→ **Work required**
From the line holding "- Then, select" through the line holding "2 In 1 Gorgeous" below, write out every line exactly; include both of those lines and drop the pictures.

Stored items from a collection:
=======

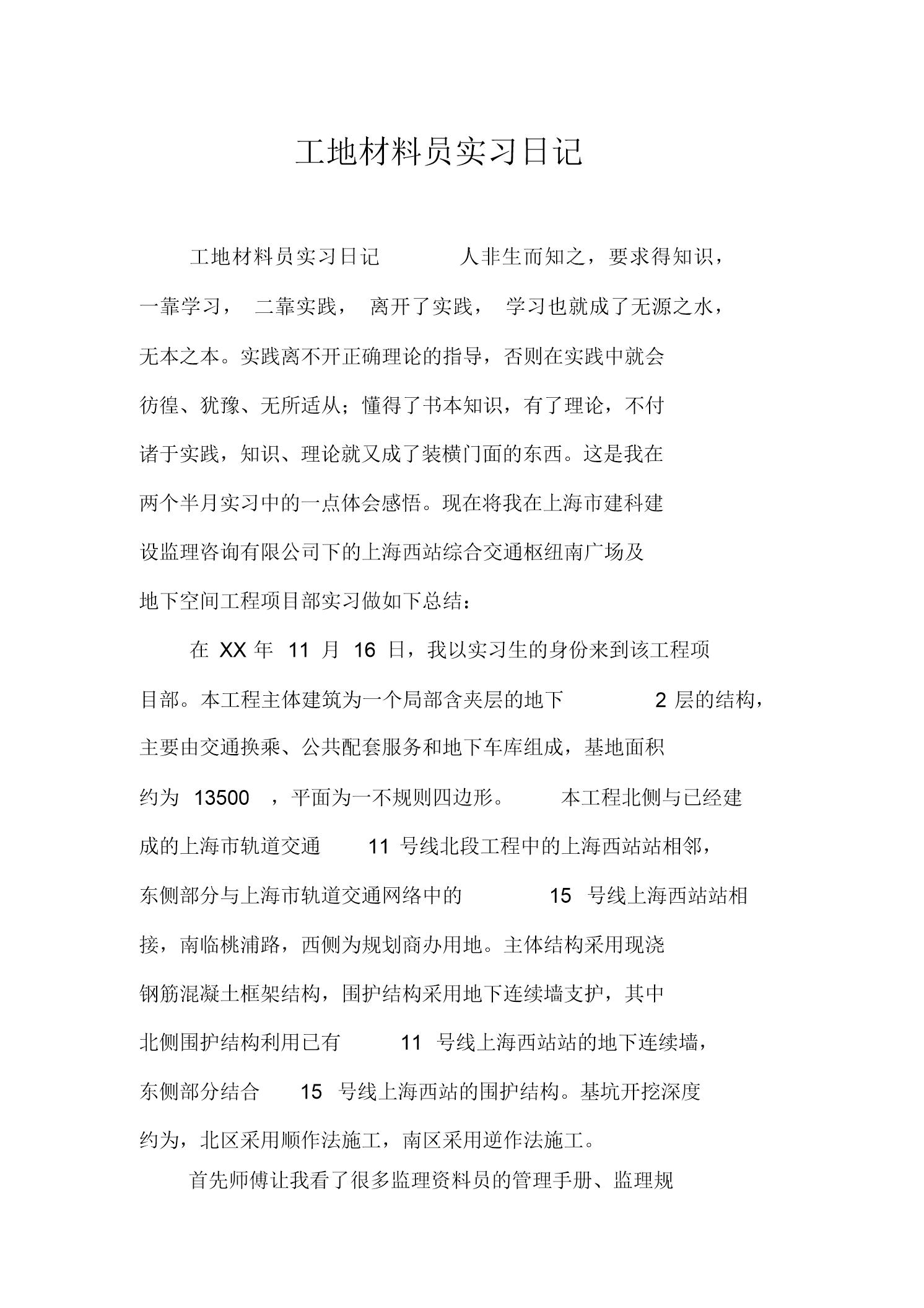 工地材料员实习日记范文 (工地材料员日记)(10页)
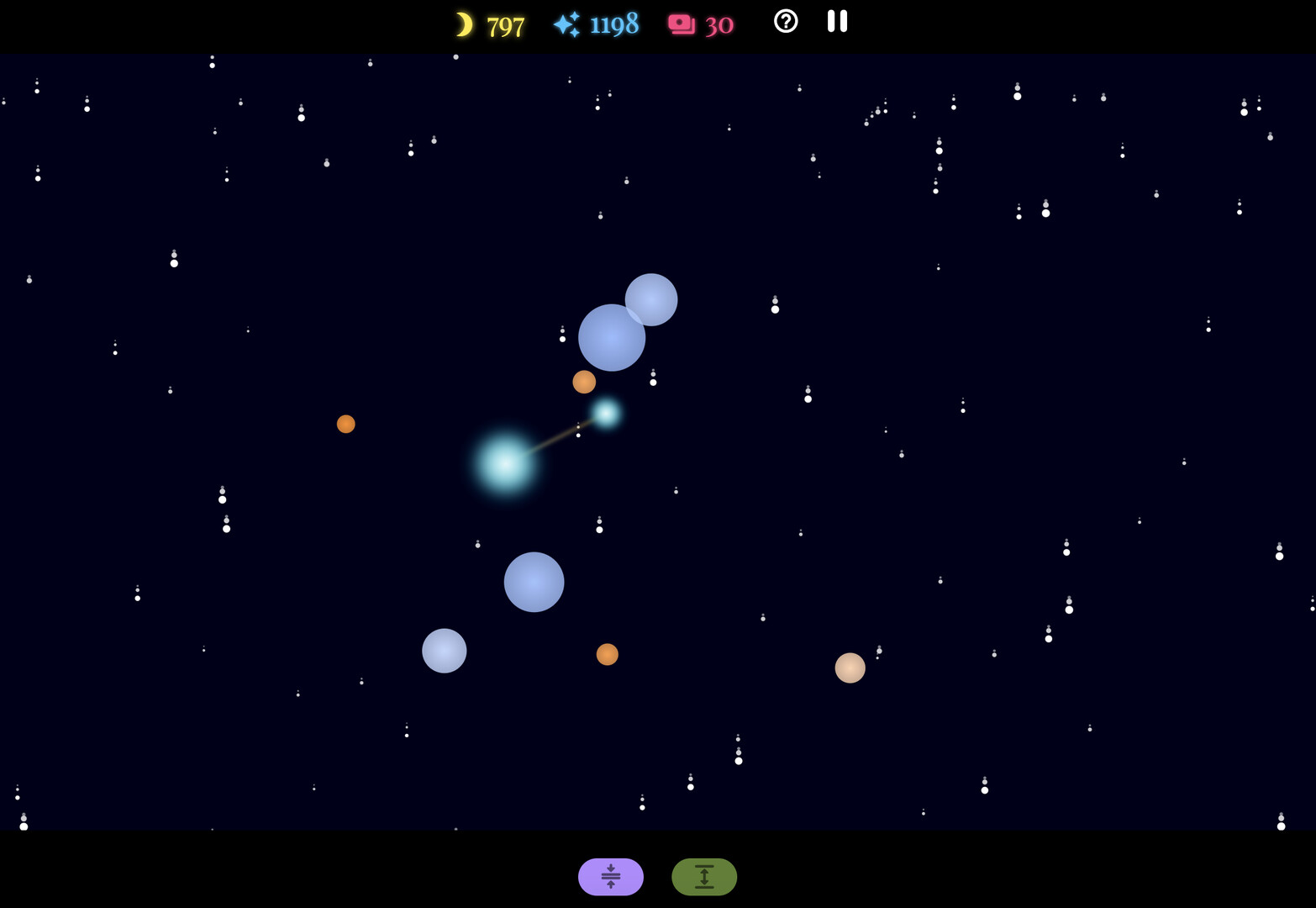 However, the universe is constantly expanding. As the difficulty ramps up, once-beautiful equilibriums are threatened with collapse. Continuously tune these deteriorating orbits and challenge yourself to see how long you can sustain your society of stars (star systems).
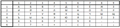 этом шифре каждый символ (буквы алфавита, цифры от 0 до 9 и некоторые символы
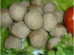 3、倒油500克在锅中烧至温热,起出1匙牛肉末做成一个牛肉丸,逐个放在锅中炸至微黄,捞起沥干油放在菜叶上即成。
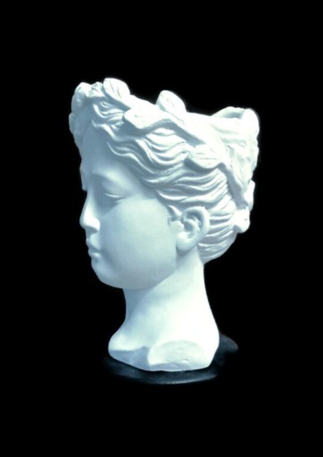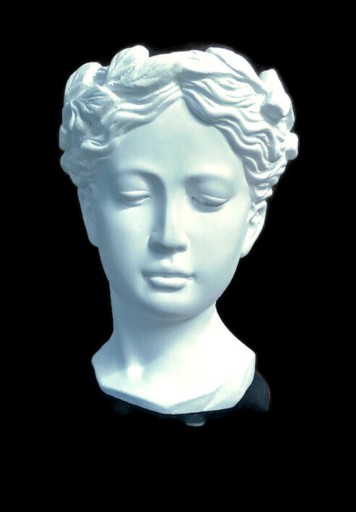 Doniczka-osłonka.Antyczna głowa kobiety.Pojemnik na bibeloty.Wysokość 21cm.Szerokość 15cm.Otwór na doniczkę 10cm.Materiał:konglomerat kamienno-cementowy.Kolor biały matowy.
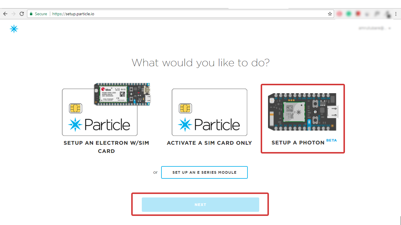 - Then, select Setup a Photon option for Particle Photon Board and then click on NEXT as shown below,
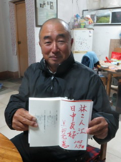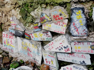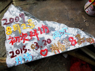 再来の記念に石板を。性は私と同じ 林春ランさん、金色で入れました。
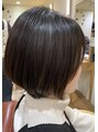 前下がりボブ。前髪と顔まわりら流れるようにつなげて軽い印象に。
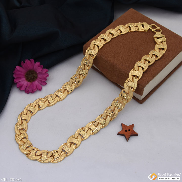 2 In 1 Gorgeous Design Gold Plated Pokal Chain for Men - Style D686
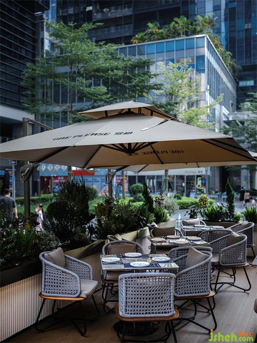 表面上習慣現(xiàn)代快節(jié)奏生活的都市人,何嘗不希望疲憊的身心能夠短暫棲息。深圳俄式餐吧設計綠意簇擁的外擺區(qū)旗幟鮮明地表達著空間的自然天性,日暮向晚,其中片刻,在自然舒緩的用餐氛圍中,享受珍貴的慢與寧靜。

=======

→ **Output**
 - Then, select Setup a Photon option for Particle Photon Board and then click on NEXT as shown below,
 再来の記念に石板を。性は私と同じ 林春ランさん、金色で入れました。
 前下がりボブ。前髪と顔まわりら流れるようにつなげて軽い印象に。
 2 In 1 Gorgeous Design Gold Plated Pokal Chain for Men - Style D686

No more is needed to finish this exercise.